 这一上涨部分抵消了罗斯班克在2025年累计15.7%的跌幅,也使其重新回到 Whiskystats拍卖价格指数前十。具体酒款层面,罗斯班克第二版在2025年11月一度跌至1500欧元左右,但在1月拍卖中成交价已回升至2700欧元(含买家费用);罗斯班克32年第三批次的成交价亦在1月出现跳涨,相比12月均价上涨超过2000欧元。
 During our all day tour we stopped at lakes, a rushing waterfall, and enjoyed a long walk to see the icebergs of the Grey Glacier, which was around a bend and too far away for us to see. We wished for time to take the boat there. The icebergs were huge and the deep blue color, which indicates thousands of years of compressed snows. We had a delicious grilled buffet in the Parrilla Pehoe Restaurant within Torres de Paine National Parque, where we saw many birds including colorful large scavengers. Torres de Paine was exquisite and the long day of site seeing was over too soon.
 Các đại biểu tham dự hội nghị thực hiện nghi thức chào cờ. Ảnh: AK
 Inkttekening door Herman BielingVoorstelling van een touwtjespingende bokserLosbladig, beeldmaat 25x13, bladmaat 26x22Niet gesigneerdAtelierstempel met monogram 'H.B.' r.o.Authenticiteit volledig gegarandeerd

* * *

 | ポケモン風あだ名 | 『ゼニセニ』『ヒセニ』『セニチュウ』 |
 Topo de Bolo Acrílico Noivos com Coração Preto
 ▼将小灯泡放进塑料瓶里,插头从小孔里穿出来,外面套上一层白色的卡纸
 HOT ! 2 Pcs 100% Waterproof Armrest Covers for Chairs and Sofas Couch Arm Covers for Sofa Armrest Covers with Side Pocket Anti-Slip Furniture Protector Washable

:: PROBLEM DESCRIPTION ::
In the data above, find the line with "During our all" and the line with "Các đại biểu". Retype both, plus every line between them, exactly.

:: RESULT FOR THIS TASK ::
 During our all day tour we stopped at lakes, a rushing waterfall, and enjoyed a long walk to see the icebergs of the Grey Glacier, which was around a bend and too far away for us to see. We wished for time to take the boat there. The icebergs were huge and the deep blue color, which indicates thousands of years of compressed snows. We had a delicious grilled buffet in the Parrilla Pehoe Restaurant within Torres de Paine National Parque, where we saw many birds including colorful large scavengers. Torres de Paine was exquisite and the long day of site seeing was over too soon.
 Các đại biểu tham dự hội nghị thực hiện nghi thức chào cờ. Ảnh: AK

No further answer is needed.